The C-Word Ain't What It Used to Be

'Superstar of four-letter words' hits Guardian's front page, losing its bite
By Wesley Oliver,  Newser Staff
Posted Aug 31, 2009 10:18 AM CDT
The C-Word Ain't What It Used to Be
"The C word doesn't pack the same punch it used to," Kathleen Deveny writes for Newsweek.   (Shutter Stock)

Rest assured, Dear Reader: As a respectable organization, Newser won’t publish what Kathleen Deveny in Newsweek calls “the rudest, crudest, most taboo term in the English language.” To be blunt, on this issue we must punt, because, on a family website, that dog just won’t hunt—even though Deveny insists the C-word is losing its bite. “The superstar of four-letter words” still “shocks in a way few words still do,” (f*** you, F-word), but it doesn’t pack the same punch.

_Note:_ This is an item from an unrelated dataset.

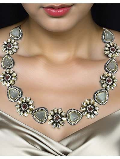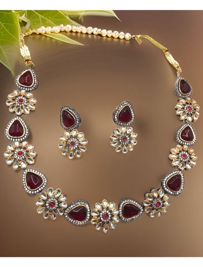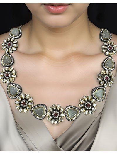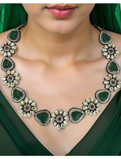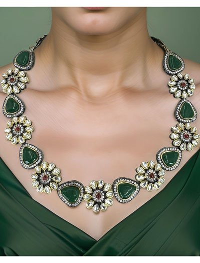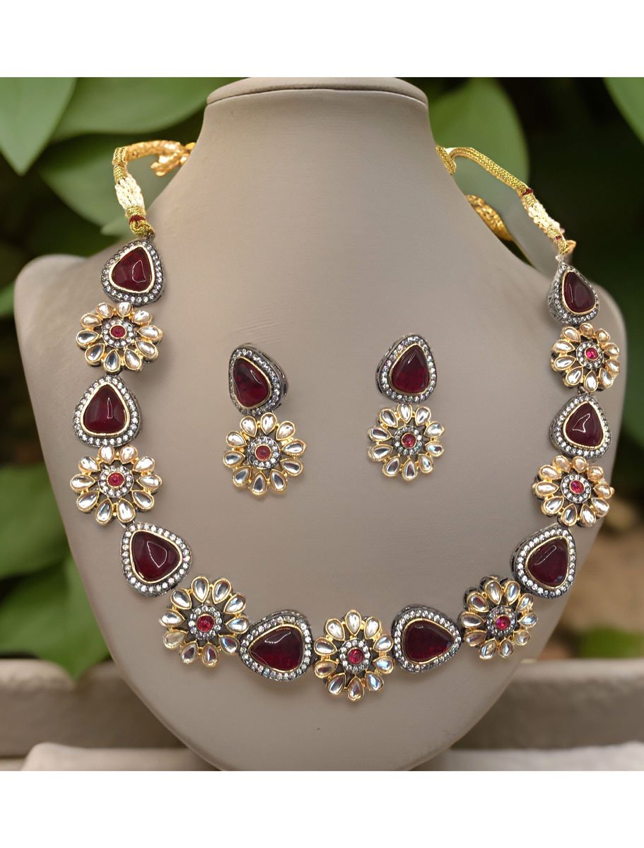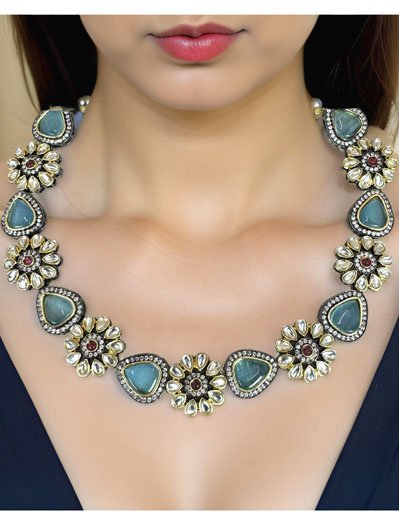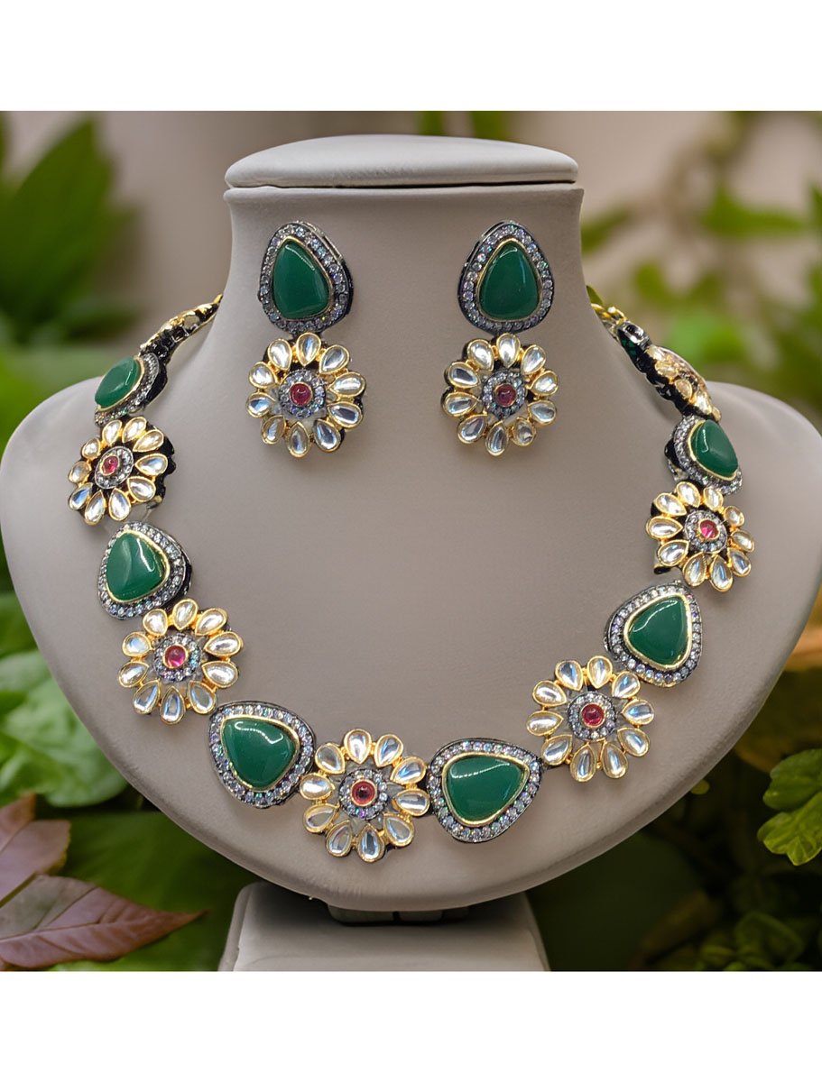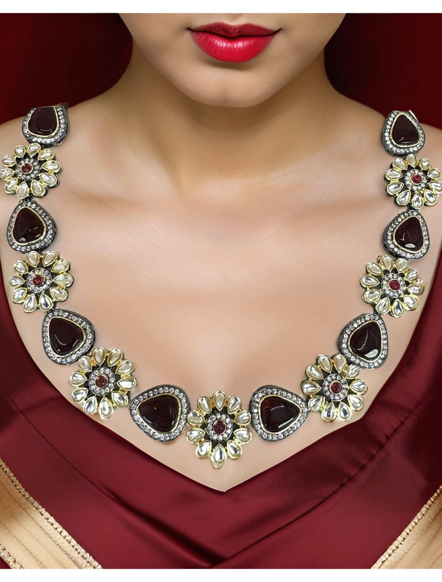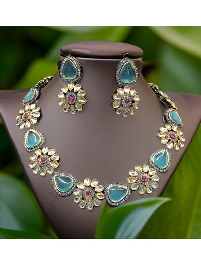 Experience sophistication with our Exclusive Designer Set, featuring Monalisa Stone and Kundan embellishments. Fits well on the neckline for an elegant look. Available in Maroon, Dark Green, Blue, and Grey Kundan necklace set. Elevate your look with this stylish and elegant jewelry set.

The Guardian recently printed it on its front page for the first time, adding to its 61 previous appearances in that publication this year alone. The “radioactive epithet” has circulated since at least 1230, when it referred to Gropecuntelane Street (subtle, no?). Despite cultural squeamishness about female sexuality, Deveny admits a “secret affection” for the term—though she shunts it away from her article: “It’s just too powerful, too offensive to too many. Besides, my mom might read this.”